Supplied material below:

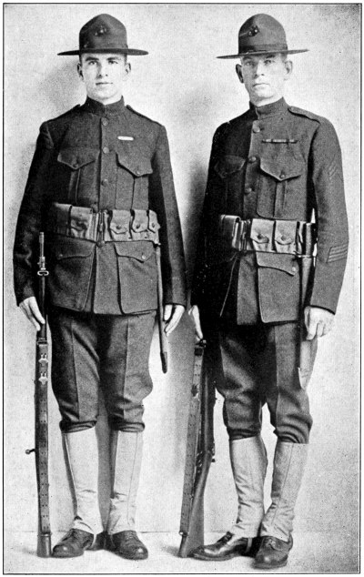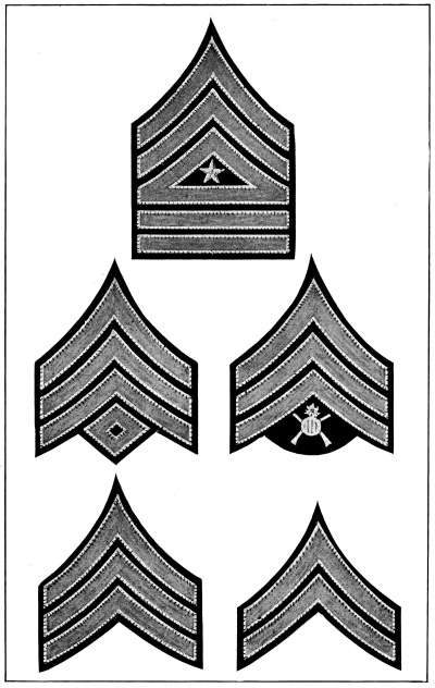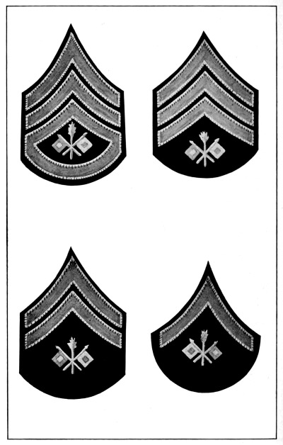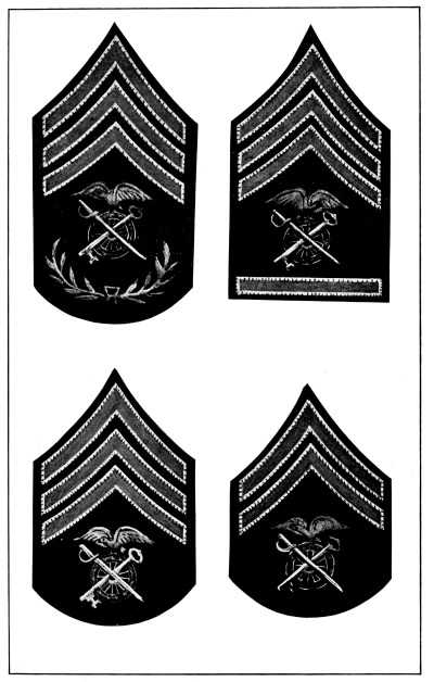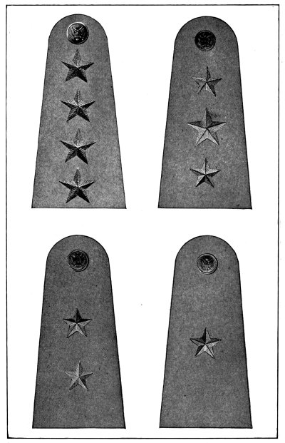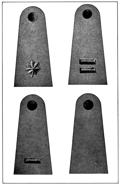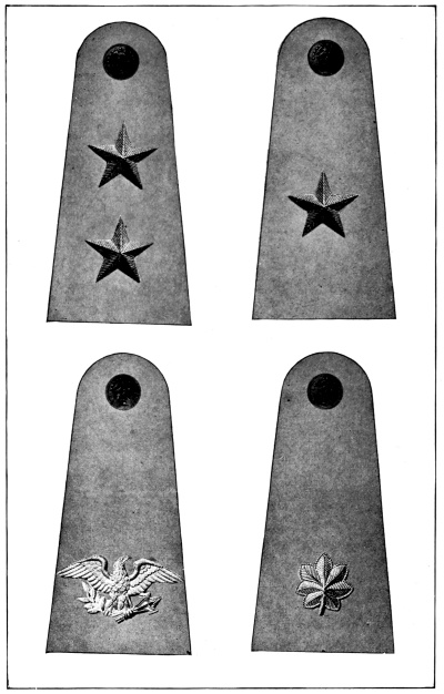 In the United States Army and Marine Corps the prevalent color for the field service uniforms is some shade of the dull brown commonly known as “khaki,” and the bright gilt and silver buttons, corps and regimental devices and numbers and belt buckles have been replaced to a great extent by dull bronze buttons and ornaments, insignia of rank for officers only being still made of silver and gold. [Pg 12]
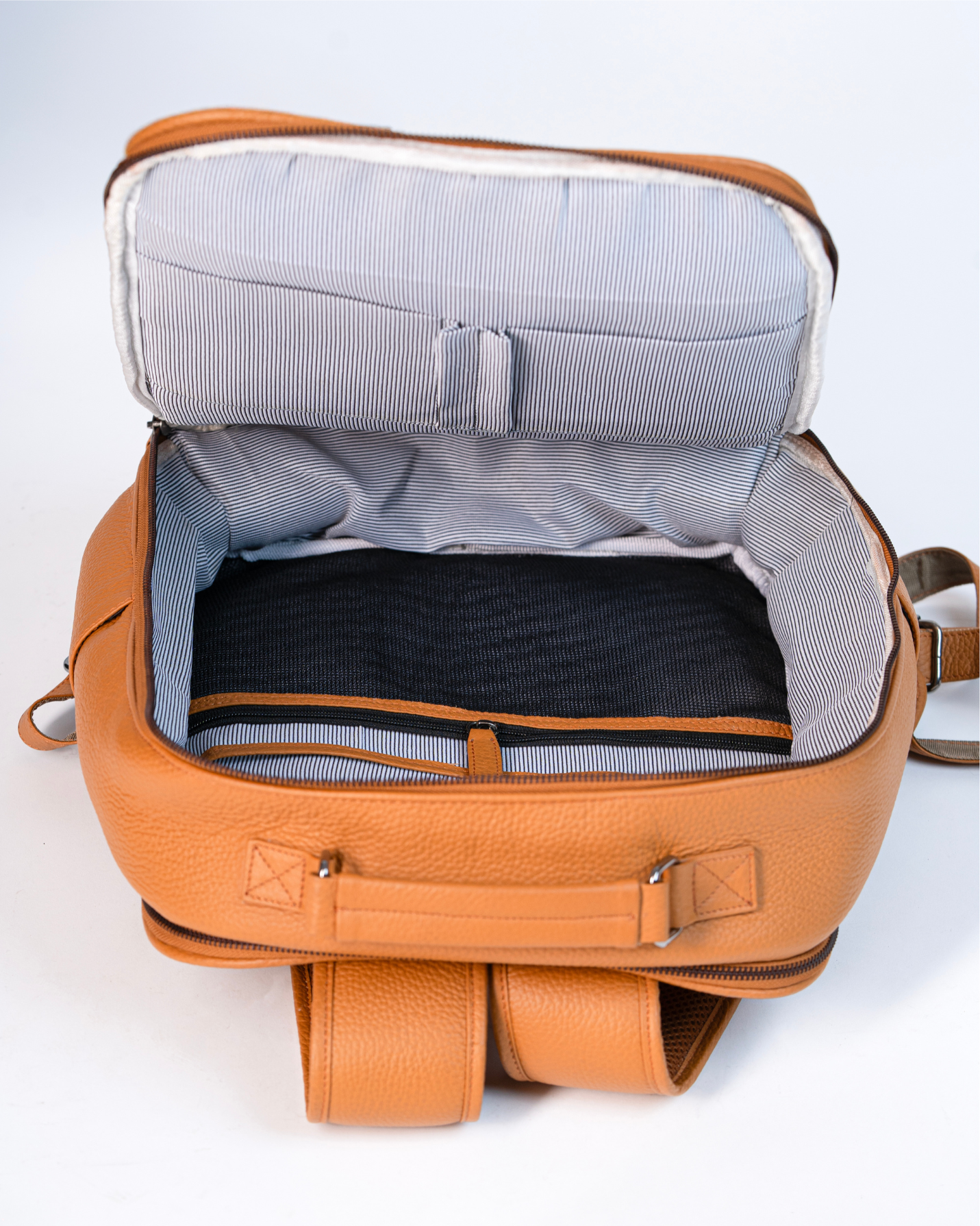 Sol Tanaro carries the essence of effortless sophistication — a companion shaped by craftsmanship and purpose. Made from full-grain tan leather, its clean lines and structured form echo subtle confidence. Every panel is thoughtfully stitched to create harmony between design and function, while the deep grain and soft sheen remind you of leather in its purest form.
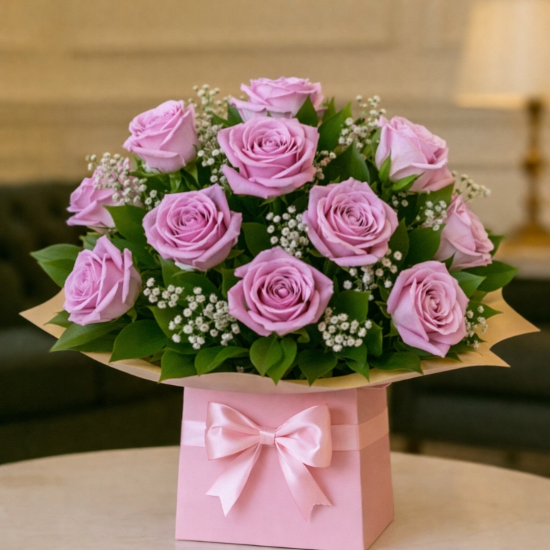 Celebrate love, romance, and meaningful moments with the Dreamy Dozen—a timeless arrangement designed to speak from the heart. Featuring 12 premium pink roses, each bloom symbolizes love, admiration, and tenderness, making this bouquet a beautiful expression of your deepest emotions.
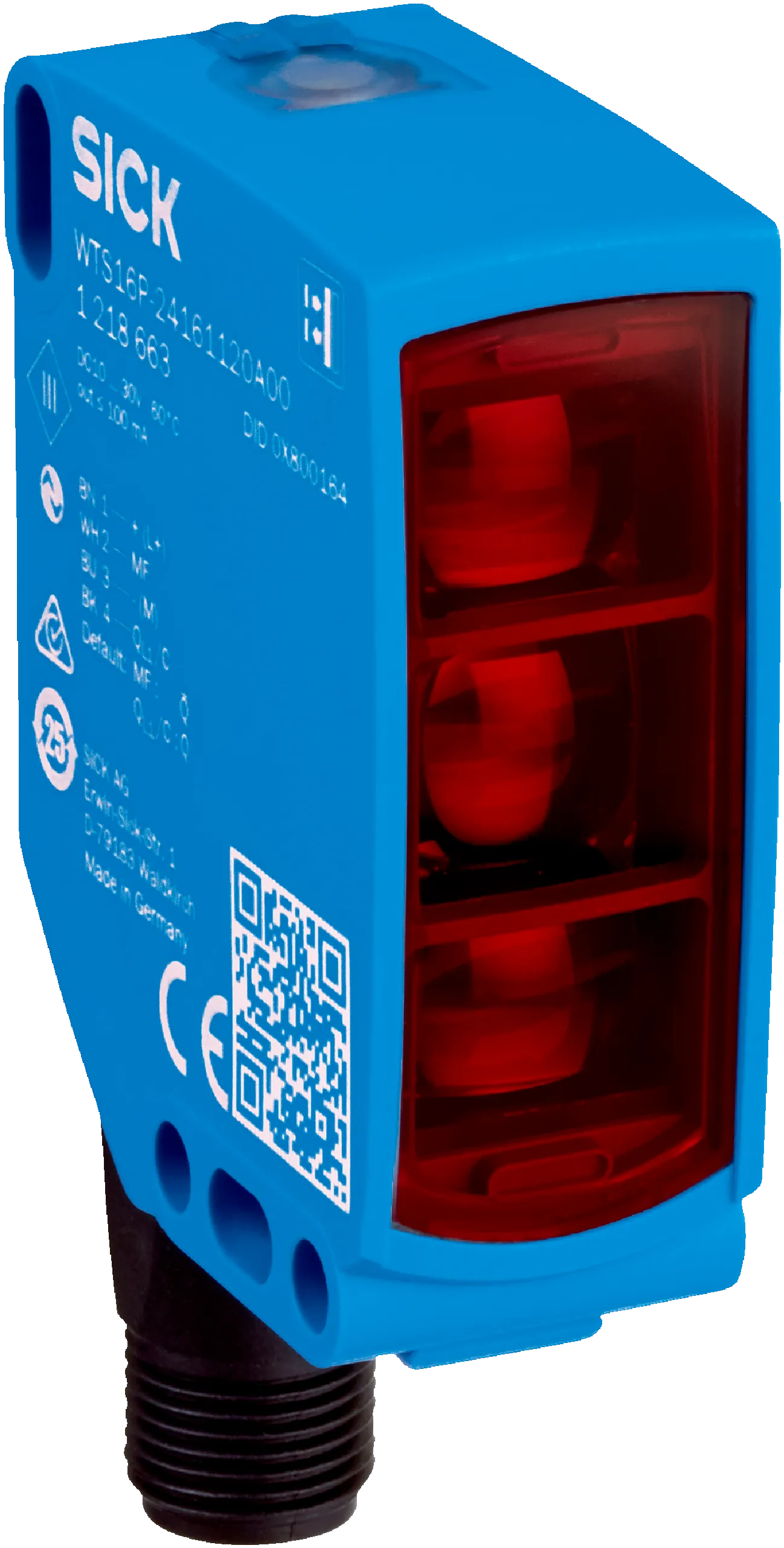 Photoelectric sensors | W16 | WTS16P-24161300CZZ | Sensing range min. / max.: 50 mm / 750 mm | Functional principle: Photoelectric proximity sensor | Functional principle detail: Background suppression, TwinEye technology, MultiPulse | Switching output: Push-pull: PNP/NPN | Connection type: Male connector M12, 4-pin | Light source: PinPoint LED | Type of light: Visible red light | Housing material: VISTAL® | Adjustment: IO-Link | Communication interface: IO-Link V1.1 | Smart Sensor: Enhanced Sensing, efficient communication, Smart Task | Smart Task name: Base logics | Special features: Factory setting: sensing range 205 mm, Dynamic blind zone 50 mm … 75 mm, Factory setting: sensing range 205 mm, MultiPulse: sensor with self-monitoring | Housing: Rectangular

End of Supplied material.

> _Exercise prompt_:
Set down every line above exactly, pictures excluded.

> _Your solution_:
 In the United States Army and Marine Corps the prevalent color for the field service uniforms is some shade of the dull brown commonly known as “khaki,” and the bright gilt and silver buttons, corps and regimental devices and numbers and belt buckles have been replaced to a great extent by dull bronze buttons and ornaments, insignia of rank for officers only being still made of silver and gold. [Pg 12]
 Sol Tanaro carries the essence of effortless sophistication — a companion shaped by craftsmanship and purpose. Made from full-grain tan leather, its clean lines and structured form echo subtle confidence. Every panel is thoughtfully stitched to create harmony between design and function, while the deep grain and soft sheen remind you of leather in its purest form.
 Celebrate love, romance, and meaningful moments with the Dreamy Dozen—a timeless arrangement designed to speak from the heart. Featuring 12 premium pink roses, each bloom symbolizes love, admiration, and tenderness, making this bouquet a beautiful expression of your deepest emotions.
 Photoelectric sensors | W16 | WTS16P-24161300CZZ | Sensing range min. / max.: 50 mm / 750 mm | Functional principle: Photoelectric proximity sensor | Functional principle detail: Background suppression, TwinEye technology, MultiPulse | Switching output: Push-pull: PNP/NPN | Connection type: Male connector M12, 4-pin | Light source: PinPoint LED | Type of light: Visible red light | Housing material: VISTAL® | Adjustment: IO-Link | Communication interface: IO-Link V1.1 | Smart Sensor: Enhanced Sensing, efficient communication, Smart Task | Smart Task name: Base logics | Special features: Factory setting: sensing range 205 mm, Dynamic blind zone 50 mm … 75 mm, Factory setting: sensing range 205 mm, MultiPulse: sensor with self-monitoring | Housing: Rectangular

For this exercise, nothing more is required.